Юрка Шарок, простой московский рабочий парень, независимый, самолюбивый и загадочный, сразу же привлек ее внимание. Она помогала Нине Ивановой его воспитывать, но сама понимала, что делает это не только из интереса общественного. И Юра это понимал. Однако в школе дела любовные третировались как недостойные настоящих комсомольцев. Дети революции, они искренне считали, что отвлечение на личное – это предательство общественного.
После школы Юра, не делая решительных шагов к сближению, искусно поддерживал их отношения на той грани, на которой они установились: иногда звонил, звал в кино или в ресторан, заходил, когда собиралась вся компания. Обняв Лену в коридоре, Юра перешел эту грань. Неожиданно, грубо, но с той решительностью, которая покоряет такие натуры.

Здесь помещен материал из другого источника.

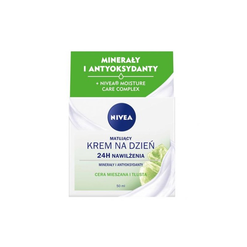 Nivea® Matujący Krem na Dzień 24H Intensywnego nawilżenia zawiera wyjątkową formułę Nivea® Moisture Care Complex, Minerały i Antyoksydanty. Intensywnie nawilża skórę do 24 godzin, przywracając naturalną równowagę i poziom nawilżenia skóry. Efektywna formuła redukuje poziom sebum i zapewnia matową cerę. Chroni skórę przed negatywnym wpływem czynników zewnętrznych i stresem oksydacyjnym.

Несколько дней она ждала его звонка и, не дождавшись, позвонила сама, просто так, как они обычно звонили друг другу. У нее был ровный голос, она старалась четко произносить окончания слов, обдумывая ударения, и говорила медленно, даже по телефону чувствовалась ее застенчивая улыбка. Но Юра ждал звонка.
– Я сам собирался звонить тебе. У меня на шестое два билета в Деловой клуб. Будут танцы. Пойдем?
– Конечно.
Шестого ноября вечером он зашел за ней. Она вышла к нему в длинном вечернем платье, голубовато-зеленом, с коротким шлейфом. От нее пахло незнакомыми духами, в черных гладких волосах блестела нитка жемчуга – женщина совсем из другой жизни, пронзительно красивая и эффектная. Только улыбка была по-прежнему застенчивая, этой улыбкой она как бы спрашивала Юру, нравится ли она ему и понимает ли, что оделась она так ради него.